▸ Work request: Return the material below exactly, but only from the line with "A vibrant tropical" through the line with "エステライトレイヤードブロッ", and without its pictures.

▸ Source material:
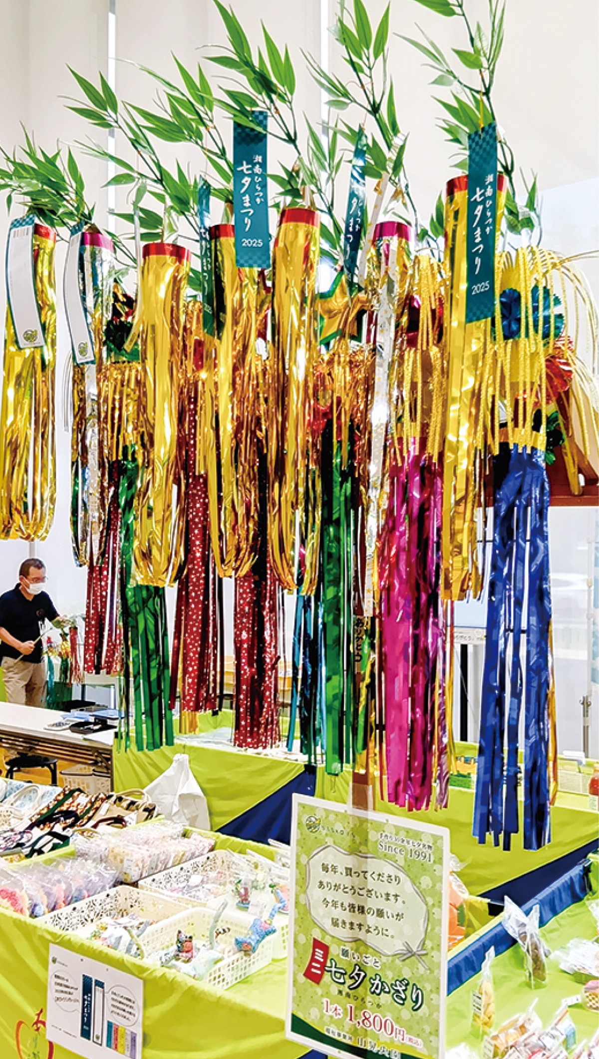 同かざりは現在、平塚市役所1階のひらつか障がい者福祉ショップ「ありがとう」などで販売中のほか、まつり期間中、紅谷町まちかど広場で販売する。1本1800円(税込)。
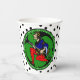 These paper cups feature HoMeArt's original variation of a pre-WWI Maxfield Parrish elf w/ white & black polka dot tights against kelly green round medallion floating above a black on white polka dot background. The greeting 'Merry Christmas' is repeated encircling the medallion.
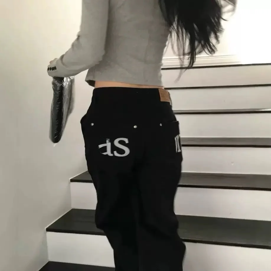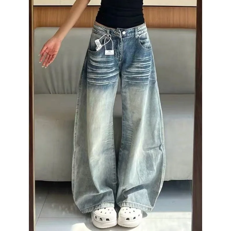 Retro Amerikaanse stijl wijde pijpen jeans dames gewassen 3D slim straight design trendy broek voorjaarsseizoen
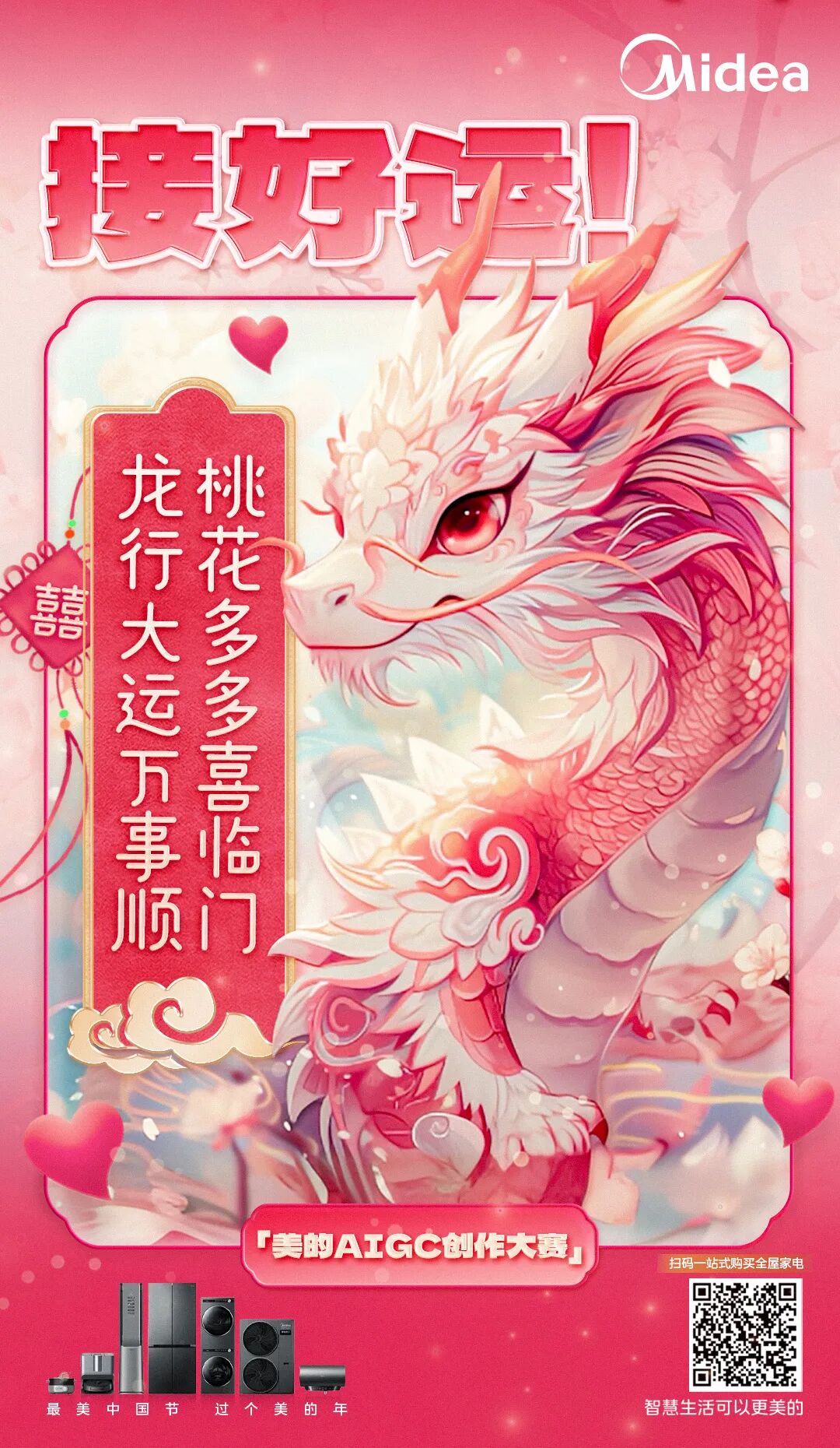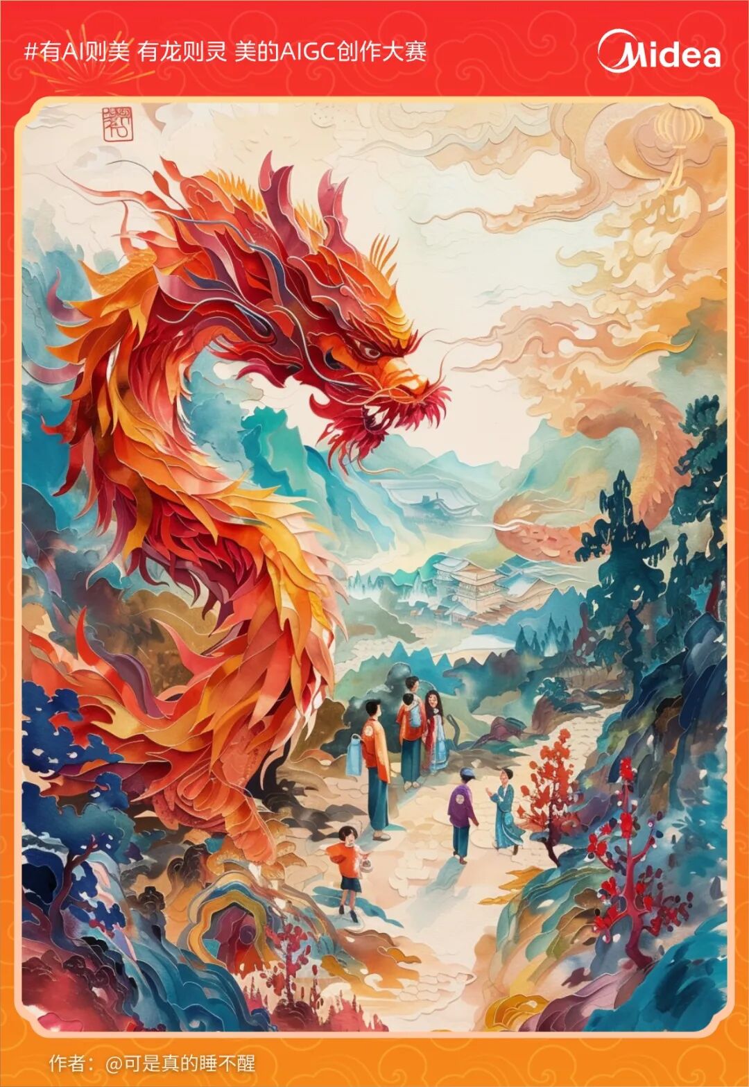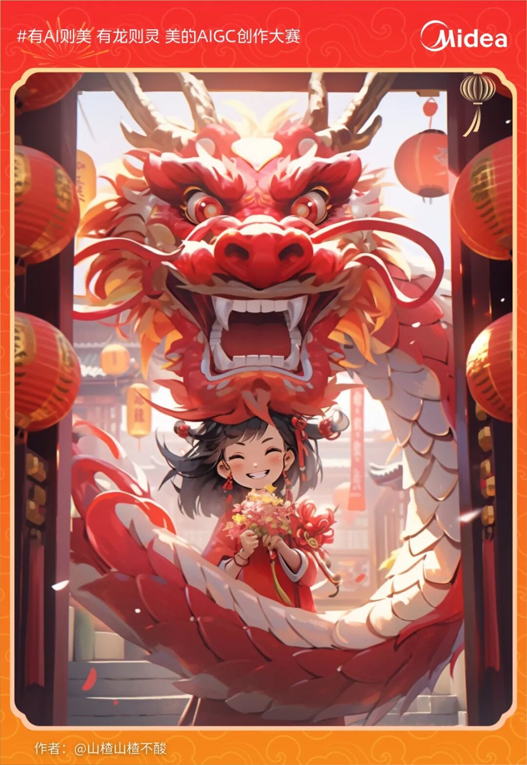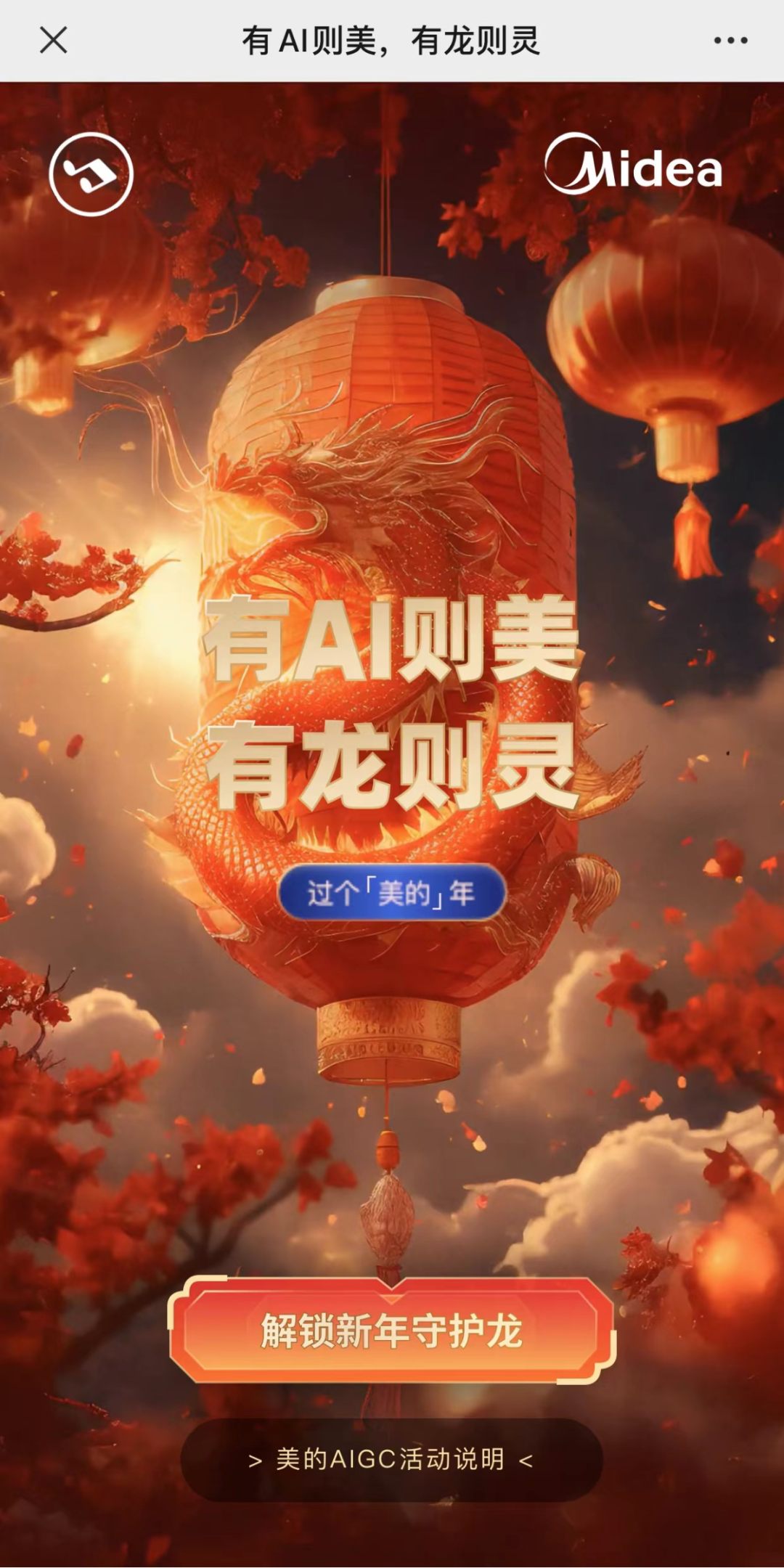 除了举办AIGC创作大赛,美的还推出了守护龙互动H5,通过有趣有梗的新春问答,即可解锁自己的守护龙。以更低门槛的互动H5真正地实现破圈,让更多群体参与进来。
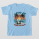 A vibrant tropical beach illustration featuring swaying palm trees, rolling ocean waves, and a surfboard resting on the sand under a glowing sunset. With retro colors and a relaxed island vibe, this design perfectly captures the spirit of summer, surfing, and carefree beach life.
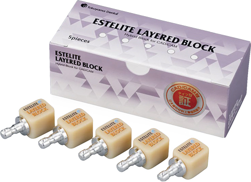 エステライトレイヤードブロックはCAD/CAM冠用材料(Ⅳ)として保険前歯冠に対応した積層タイプのCAD/CAM冠用ブロックです。
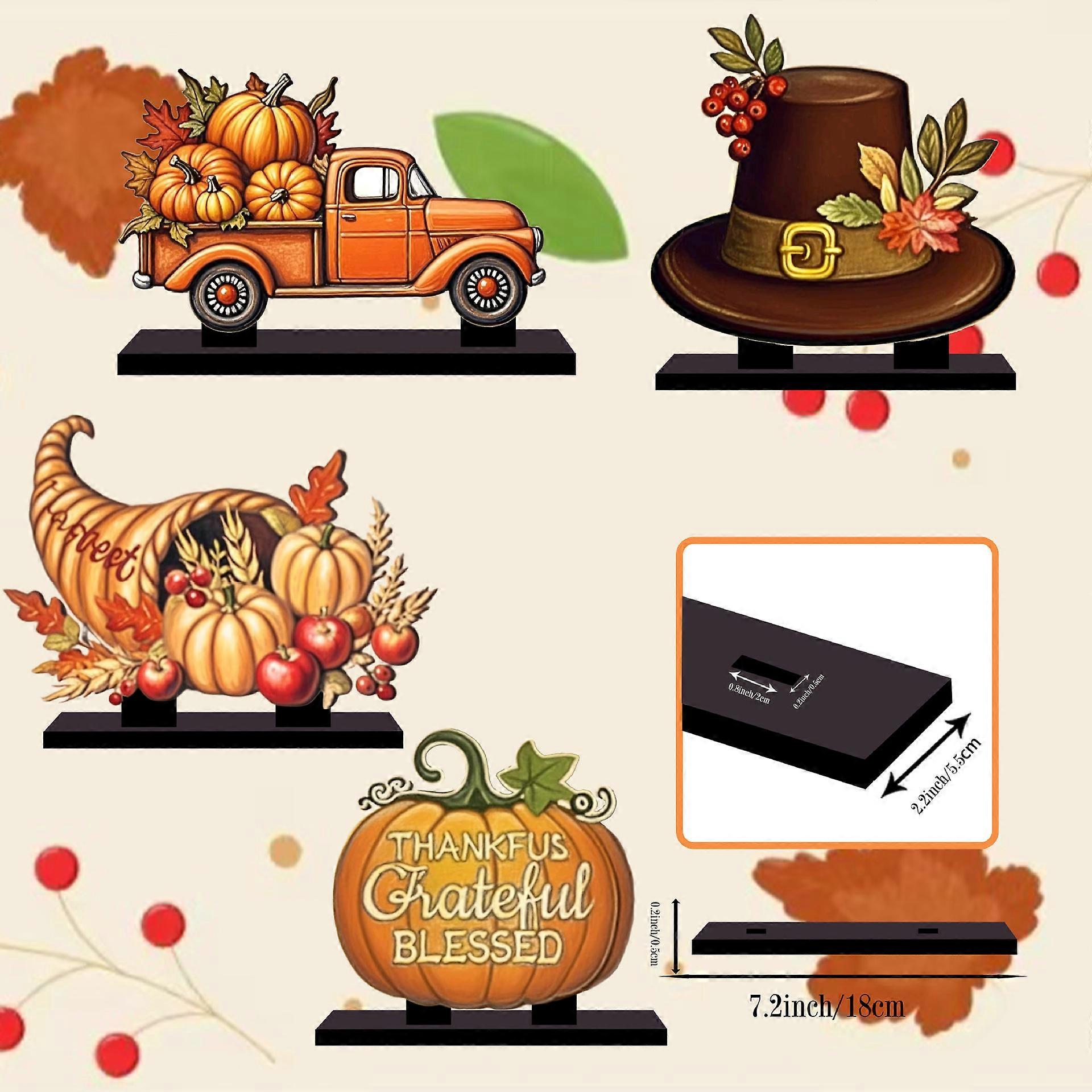 4-piece Thanksgiving wooden ornaments, pumpkins, hats, etc. can be decorated on the table
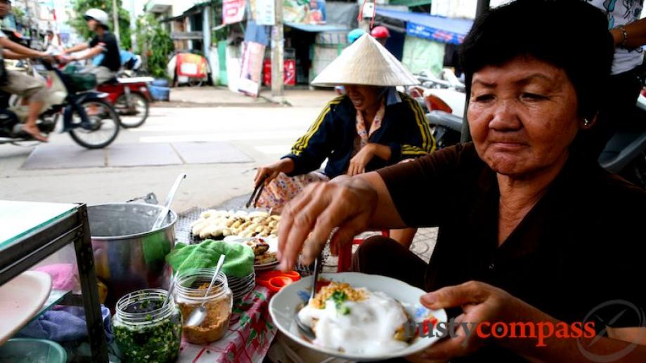 "Banh chuoi nuong" - grilled banana cake is classic southern Vietnamese street food. It's simple and delicious with sticky rice powder, coconut sauce and peanuts on top. A great way to wrap up your Cholon expedition. This stall is at the corner of Bai Say and Go Cong Streets in Cholon.
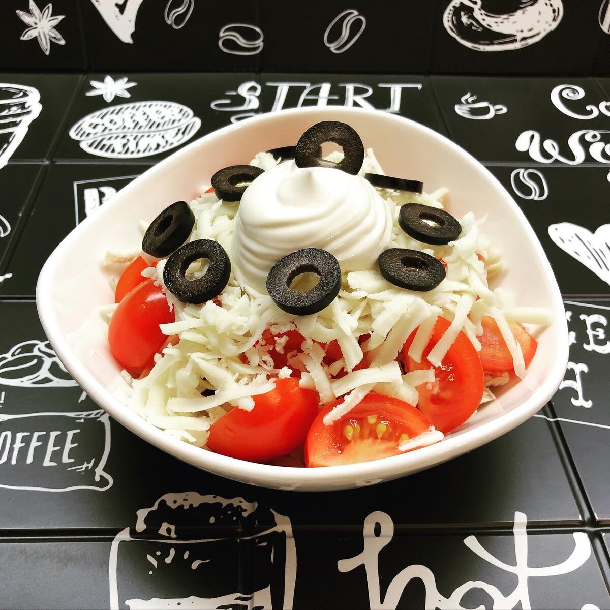 Заправляем майонезом. Сверху можно украсить маслинами.

▸ Result of the exercise:
 A vibrant tropical beach illustration featuring swaying palm trees, rolling ocean waves, and a surfboard resting on the sand under a glowing sunset. With retro colors and a relaxed island vibe, this design perfectly captures the spirit of summer, surfing, and carefree beach life.
 エステライトレイヤードブロックはCAD/CAM冠用材料(Ⅳ)として保険前歯冠に対応した積層タイプのCAD/CAM冠用ブロックです。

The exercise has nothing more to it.